Se reunió dinero Para darle una pensión, se juntaron toneladas de ropa y

medicamentos que ella no necesitaba y varias organizaciones de beneficencia se dieron

a la tarea de rasparle la mugre, cortarle el cabello y vestirla de pies a cabeza, hasta

convertirla en una anciana común. Las monjas le prestaron una cama en el asilo de

indigentes y durante meses la tuvieron amarrada para que no se escapara de vuelta al

sótano, hasta que por fin se acostumbró a la luz del día y se resignó a vivir con otros

seres humanos.

Aprovechando el furor público atizado por la prensa, los numerosos enemigos de

Amadeo Peralta reunieron por fin el valor para lanzarse en picada en su contra. Las

autoridades, que durante años ampararon sus abusos, le cayeron encima con el

garrote de la ley. La noticia ocupó la atención de todos durante el tiempo suficiente

para conducir al viejo caudillo a la cárcel y luego se fue esfumando hasta desaparecer

del todo. Rechazado por sus familiares y amigos, convertido en símbolo de todo lo

abominable y abyecto, hostilizado por los guardianes y por sus compañeros de

infortunio, estuvo en prisión hasta que lo alcanzó la muerte. Permanecía en su celda,

sin salir nunca al patio con los otros reclusos. Desde allí podía oír’ los ruidos de la calle.

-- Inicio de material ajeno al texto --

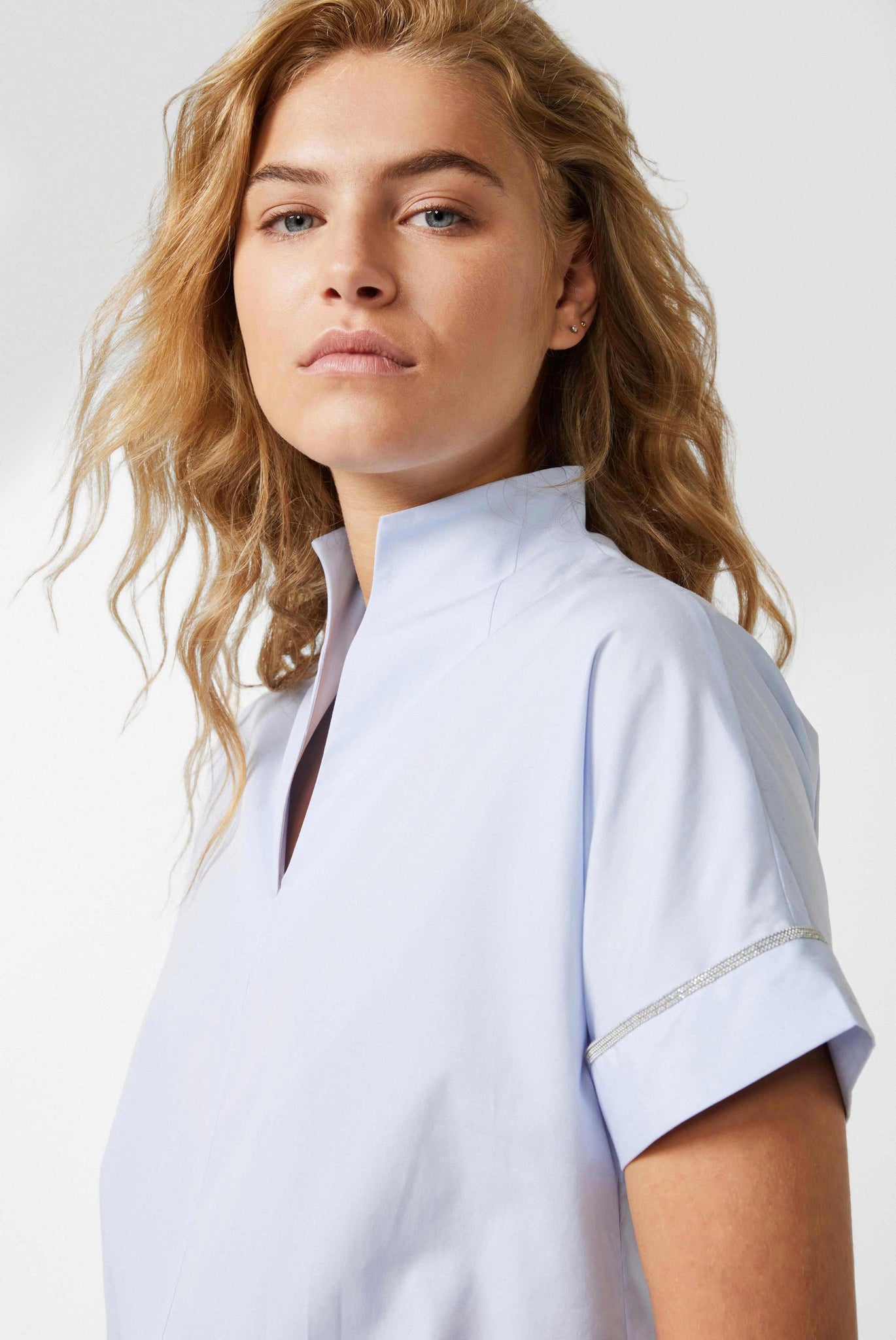 In die tailliert geschnittene Bluse aus fein texturierter Baumwoll-Popeline kann man sich nur verlieben! Dank ihres puristischen Looks ist sie ein facettenreich kombinierbares Talent, das mit genau der richtigen Portion Raffinesse auftrumpft. Mit ihrem mondän anmutenden Kelchkragen und den Zierbanddetails an den Ärmeln versinnbildlicht die Damen-Bluse die label-typische Schneiderkunst. Mit dieser Bluse kreiren Sie moderne und ausdrucksstarke Outfits. Die exklusive Qualität sorgt für ein komfortables Tragegefühl, das Sie den ganzen Tag über begleitet.
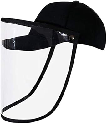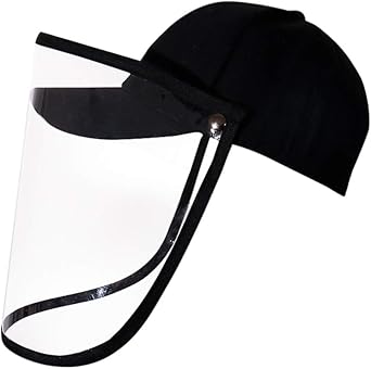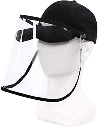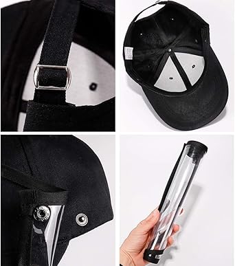 - Features: The face shield with detachable clear plastic, fashionable black baseball hat that can also be worn as an everyday accessory
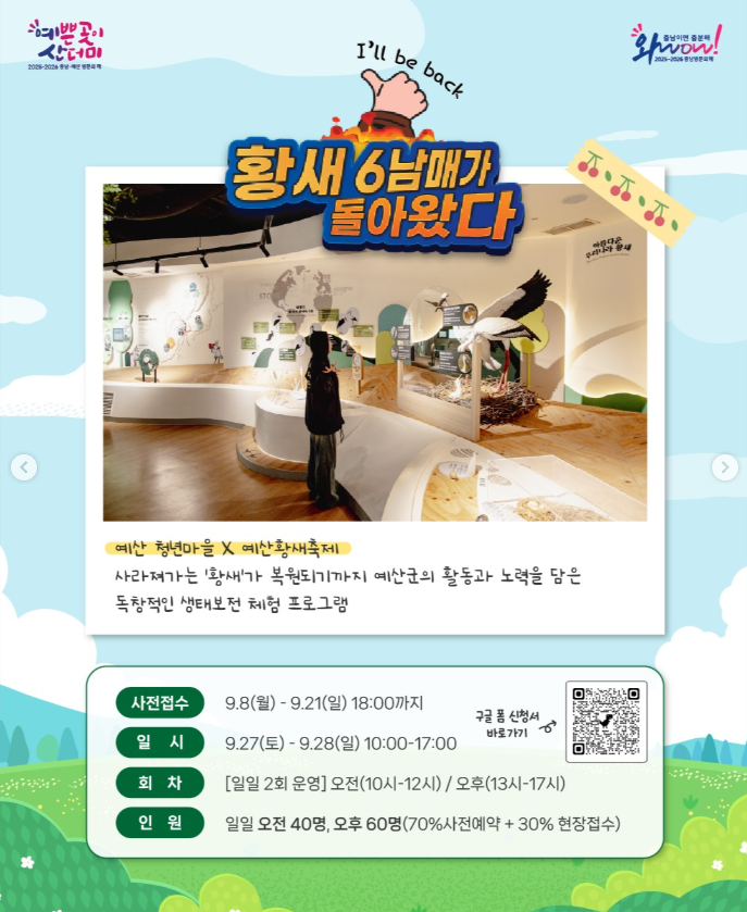 | 황새 6남매가 돌아왔다 | 9.27~28 (10:00~17:00) | 황새 복원 과정을 담은 특별 체험 전시 |

Cada día, a las diez de la mañana, Hortensia caminaba con su vacilante paso de loca

hasta el penal y le entregaba al vigilante de la puerta una marmita caliente para el

preso.

-Él casi nunca me dejó con hambre -le decía al portero en tono de excusa. Después se

sentaba en la calle a tocar el salterio, arrancándole unos gemidos de agonía imposibles

de soportar. En la esperanza de distraerla y hacerla callar, algunos pasantes le daban

una moneda.

Encogido al otro lado de los muros, Amadeo Peralta escuchaba ese sonido que parecía

provenir del fondo de la tierra y que le atravesaba los nervios. Ese reproche cotidiano

debía significar algo, pero no podía recordar. A veces sentía unos ramalazos de culpa,

pero enseguida le fallaba la memoria y las imágenes del pasado desaparecían en una

niebla densa. No sabía por qué estaba en esa tumba y poco a poco olvidó también el

mundo de la luz, abandonándose a la desdicha.